Sunday 2 February 2020

Comment on My Previous Post

I know my previous post about my method of knee joint repair is an engineering solution. It has little to do with beginner skiing.  It should be under some health heading but people keep asking me how it works. Often people complain about knee problems similar to mine on the ski lift. I explain my solution to them. Some impetus stems from my 10 years teaching, in the local ski school.  I was surprised by the number of instructors that had knee injuries (about 20%). I know also that there are several types of fluid injections for knees but they seem to be only delaying the inevitable knee joint replacement. So if people ask how I am fixing my knee, I can refer them to my site.

My solution, that seems to be working, is a design engineering approach. I spent many hours looking at the problem of knee repair and the solution seemed to be that while the mechanism for repair is all in place, in our joints, it was inadequate. The rate of damage was exceeding the capabilities of the repair system.  After, my discussions with Jerome Fryer, I delved into medical papers which were mostly above my understanding.  The essence of the papers and conclusions were clear.

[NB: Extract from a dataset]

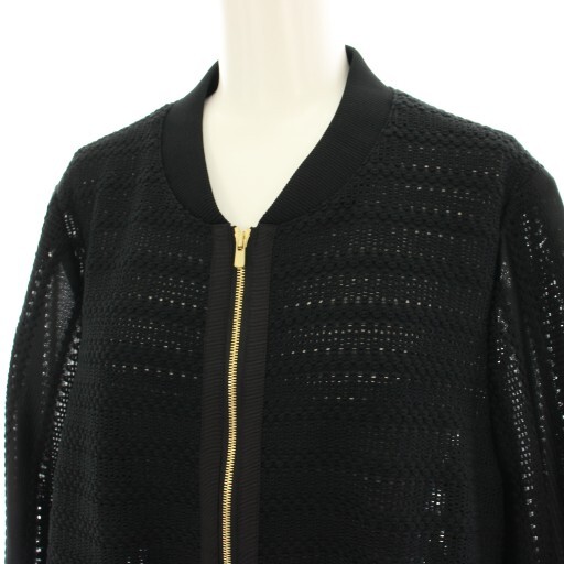 レリアン Leilian レースブルゾン ジャケット ニット ジップアップ シアー 13+ 黒 ブラック SA-1000586 /HN レディース

When trying to solve an engineering design problem it is necessary to talk to a wide variety of people with varying expertise, particularly when designing solutions to solve people type problems. Determining the effect of bending a leg sideways to increase the knee gap size, to cause a vacuum, as well as filtering, and fluid flow, are not included in the doctor’s people repair manual. This is meat and potatoes for engineers.

My solution is a partial solution.  It requires some fine-tuning. Researchers, physiotherapists, and doctors are needed to fill in some of the gaps. Getting research done is a problem because there is no revenue generated. No pills, no magic bullet.

(It could get worse. I’m a great fan of the use of heat for curing some ills.  I have been keeping my rheumatoid arthritis in remission for over 30 years by using a heating pad. I stop colds the same way. It is simple.  If you look at the temperature sensitivity of some cold viruses they can’t tolerate temperatures much higher than body temperature at 37 C or 98.6 F. They propagate at much lower temps and don’t exist well above.  A heating pad will heat to a temperature of 140 F degrees much too high for your skin to tolerate. There is a but. When you hold a heating pad on your skin, the skin absorbs the heat energy and so on my forehead, the temperature only reaches 104 degrees. It is a little tricky holding a heating pad on my sinuses and nose (a hotbed for virus propagation) but doable. Cure a cold in 20 minutes. Check out the new coronavirus temperature sensitivity.  It’s sensitivity to temperature is similar to that of cold and flu viruses. Unfortunately, it can cause lung problems.)